START LISTED RECORDS

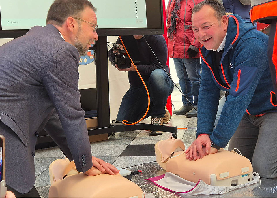 Gleich nach der offiziellen Begrüßung zeigten Schreiber und Nitzsche, dass sie nicht nur reden, sondern auch anpacken können: An einer Erste‑Hilfe‑Übungspuppe traten beide in einem kleinen Wettbewerb gegeneinander an – wer beherrscht die Herzdruckmassage besser? Das Publikum hatte sichtlich Freude an diesem sportlich‑humorvollen Einstieg.
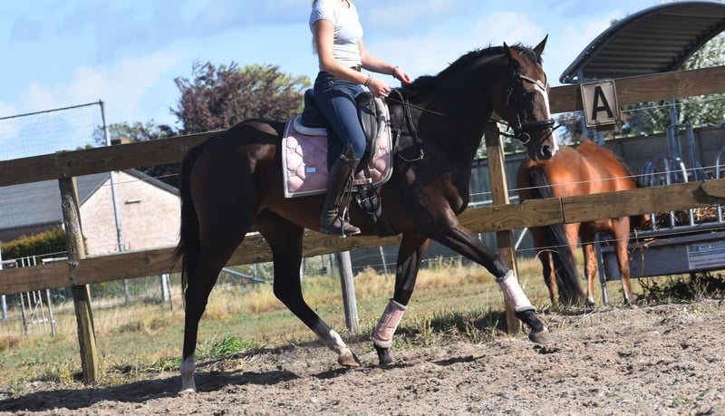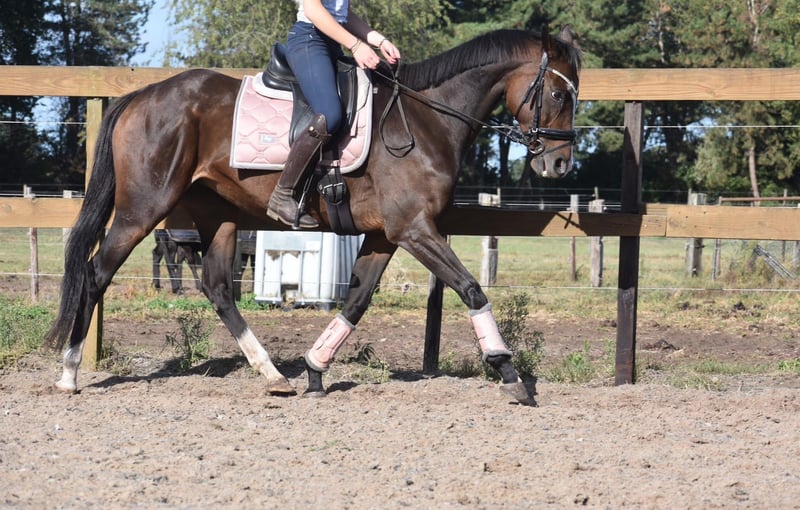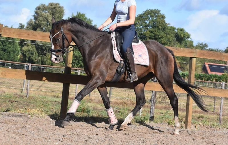 Paddy is a 9-year-old mare standing approximately 1.62 meters (16.1 hh). She descends from Leading Light x Caoba by Hernando (FR). She has an elegant yet solid build, with beautiful long legs, and is very pleasant to ride. Due to circumstances, we were unable to ride her for a long period, but she was easy to get back into work and is very well-behaved. She has a soft mouth and responds nicely to the aids. A heavy hand is absolutely not necessary with her; she is neither overly sensitive nor spooky. Paddy is traffic-safe, healthy, and free of any vices. She is also very interesting for breeding purposes! Additionally, she is extremely social within the herd, both in her interactions and in the stable. Recently treated by the dentist, with a recent dental report available. Price €6,450 including branded saddle and saddle pad.
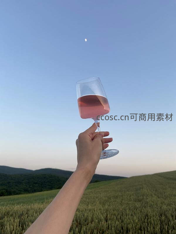 在起伏的绿色麦田上,一只手高举盛有粉红葡萄酒的高脚杯,远方山峦与天边弯月相映,氛围静谧而浪漫。
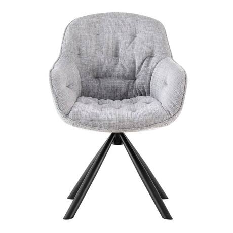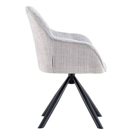 Griežamais krēsls ar roku balstiem Orea apvieno mūsdienīgu dizainu un augstu komforta līmeni. Mīksts sēdeklis ar dekoratīvu stepējumu un izturīgu auduma apdari piešķir mājīgumu un stilu, savukārt ergonomiskā forma nodrošina lielisku muguras atbalstu. Metāla pamatne ar griešanās mehānismu garantē stabilitāti un ērtu lietošanu. Lieliski piemērots viesistabai, birojam vai ēdamzonai. Specifikācija:
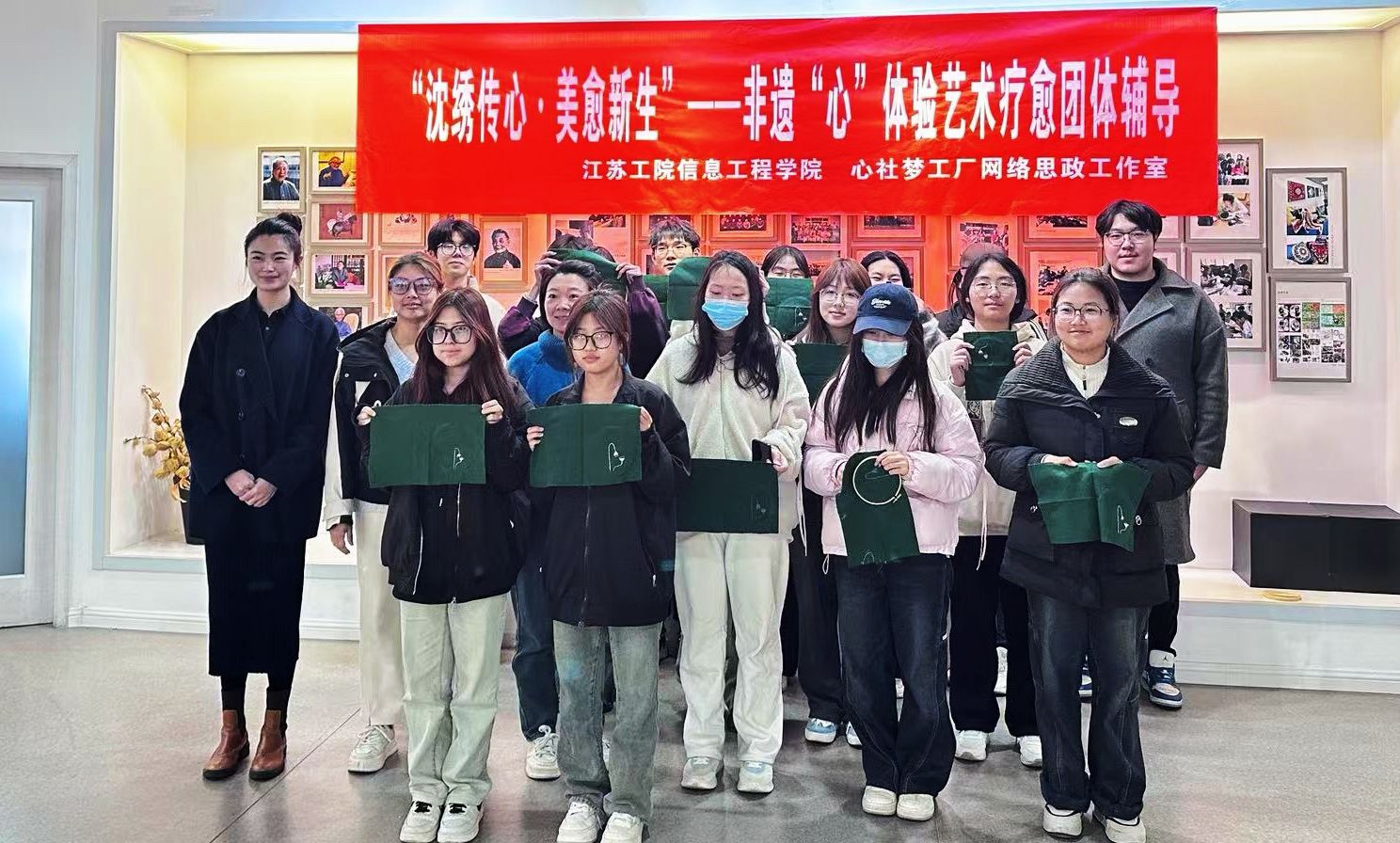 3月20日下午,信息工程学院心社梦工厂网络思政工作室主办的艺术疗愈活动在文博馆沈寿刺绣技艺展厅上演。此次活动以“沈绣传心·美愈新生”为主题,国家级非遗传承人张蕾老师、信息工程学院辅导员、工作室负责人孟晋老师、经济管理学院辅导员顾胜楠老师以及30名学生共同参与。
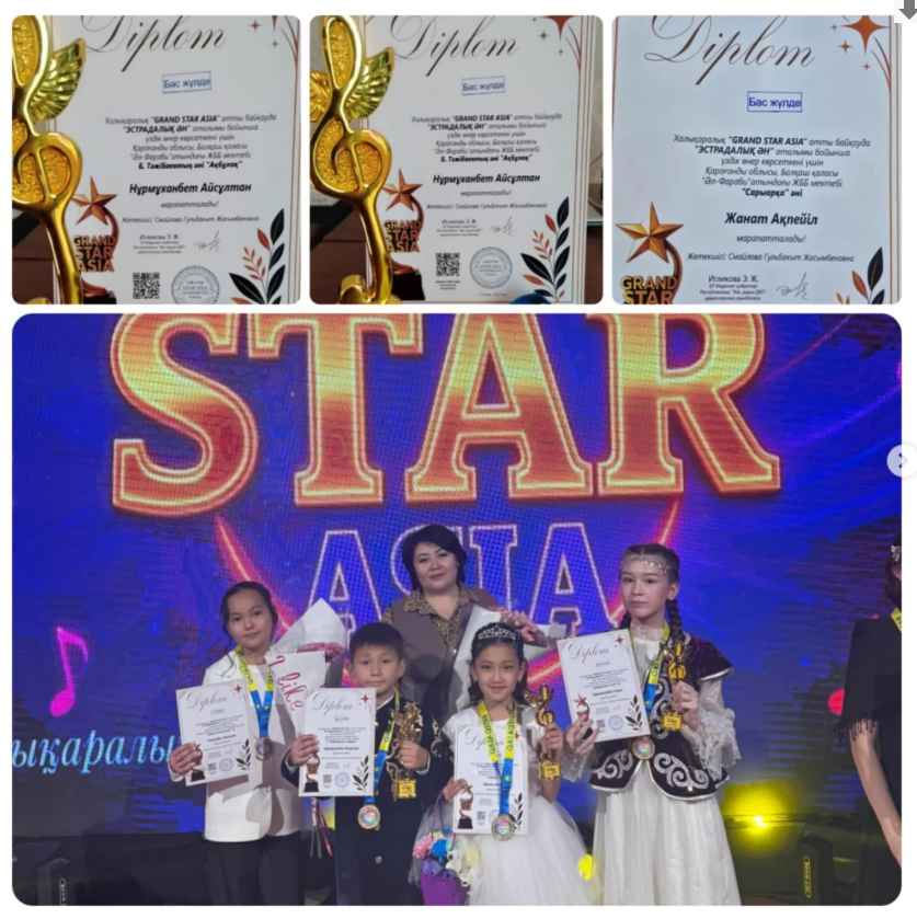 Халықаралық ғылым мен білімді қолдау орталығының ұйымдастыруымен өткен білім саласы қызметкерлеріне арналған «Дарынды балаларға – дарынды ұстаз» атты І республикалық «Grand Star Asia» байқауында «Эстарадалық ән» аталымы бойынша мектебіміздің оқушылары Жанат Ақпейіл, Нұрмұханбет Айсұлтан, Нұрмұханбет Ұлжан бас жүлдеге ие болды. Құттықтаймыз!!! Жетекшісі Смайлова Гүлбақыт Жасымбекқызы. Сонымен қатар ұйымдастырушылар белсенділік танытқаны үшін мектебімізді Алғыс хатпен және арнайы кубокпен марапаттады.Құтты болсын!!!
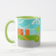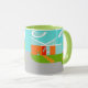 Este Meio século Moderno Cartoon House Mug vai querer que você coloque o tapete WELCOME e se faça em casa! A design de arte minimalista da década de 1960 apresenta uma elegante pedra laranja e uma casa de vidro aqua numa relva luxuosa, verde, em forma de bumerangue. O gramado forma um oásis no meio de suas cinzas, arredores de concreto. Uma palmeira verde está balançando na brisa. Quatro, pedras laranja pisadas levam o caminho para a porta traseira, vermelha, frontal com três vidraças retangulares de vidro. À esquerda da porta, uma floreira de turquesa segura uma planta verde tropical. A casa tem um telhado branco inclinado em V que aponta em direção a duas nuvens brancas em forma de rim. O céu é uma forma serena de aqua. Ninguém vai querer jogar pedras desta design de casa de vidro moderna! Comprar este produto da era espacial e seja o gato mais legal do seu quarteirão!
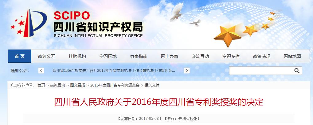 赞!力久律所代理的三项专利荣获2016年度四川省专利奖
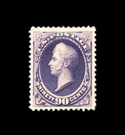 117 og 218 image#218, 90c Purple, extraordinarily well centered within uncharacteristically large margins, incredibly intense color and a razor-sharp impression, full o.g., h.r., extremely fine and quite handsome; 1989 PF certificate; ex-Lessin. (Image) 1,250.00
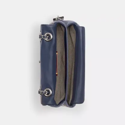 - Chain strap with 21 1/2" drop for shoulder or crossbody wear

END LISTED RECORDS

Go to the line above that has "在起伏的绿色麦田上,一只手高" and copy exactly from there down to the line that has "Халықаралық ғылым мен", both included. Leave the pictures out.

RESPONSE |
 在起伏的绿色麦田上,一只手高举盛有粉红葡萄酒的高脚杯,远方山峦与天边弯月相映,氛围静谧而浪漫。
 Griežamais krēsls ar roku balstiem Orea apvieno mūsdienīgu dizainu un augstu komforta līmeni. Mīksts sēdeklis ar dekoratīvu stepējumu un izturīgu auduma apdari piešķir mājīgumu un stilu, savukārt ergonomiskā forma nodrošina lielisku muguras atbalstu. Metāla pamatne ar griešanās mehānismu garantē stabilitāti un ērtu lietošanu. Lieliski piemērots viesistabai, birojam vai ēdamzonai. Specifikācija:
 3月20日下午,信息工程学院心社梦工厂网络思政工作室主办的艺术疗愈活动在文博馆沈寿刺绣技艺展厅上演。此次活动以“沈绣传心·美愈新生”为主题,国家级非遗传承人张蕾老师、信息工程学院辅导员、工作室负责人孟晋老师、经济管理学院辅导员顾胜楠老师以及30名学生共同参与。
 Халықаралық ғылым мен білімді қолдау орталығының ұйымдастыруымен өткен білім саласы қызметкерлеріне арналған «Дарынды балаларға – дарынды ұстаз» атты І республикалық «Grand Star Asia» байқауында «Эстарадалық ән» аталымы бойынша мектебіміздің оқушылары Жанат Ақпейіл, Нұрмұханбет Айсұлтан, Нұрмұханбет Ұлжан бас жүлдеге ие болды. Құттықтаймыз!!! Жетекшісі Смайлова Гүлбақыт Жасымбекқызы. Сонымен қатар ұйымдастырушылар белсенділік танытқаны үшін мектебімізді Алғыс хатпен және арнайы кубокпен марапаттады.Құтты болсын!!!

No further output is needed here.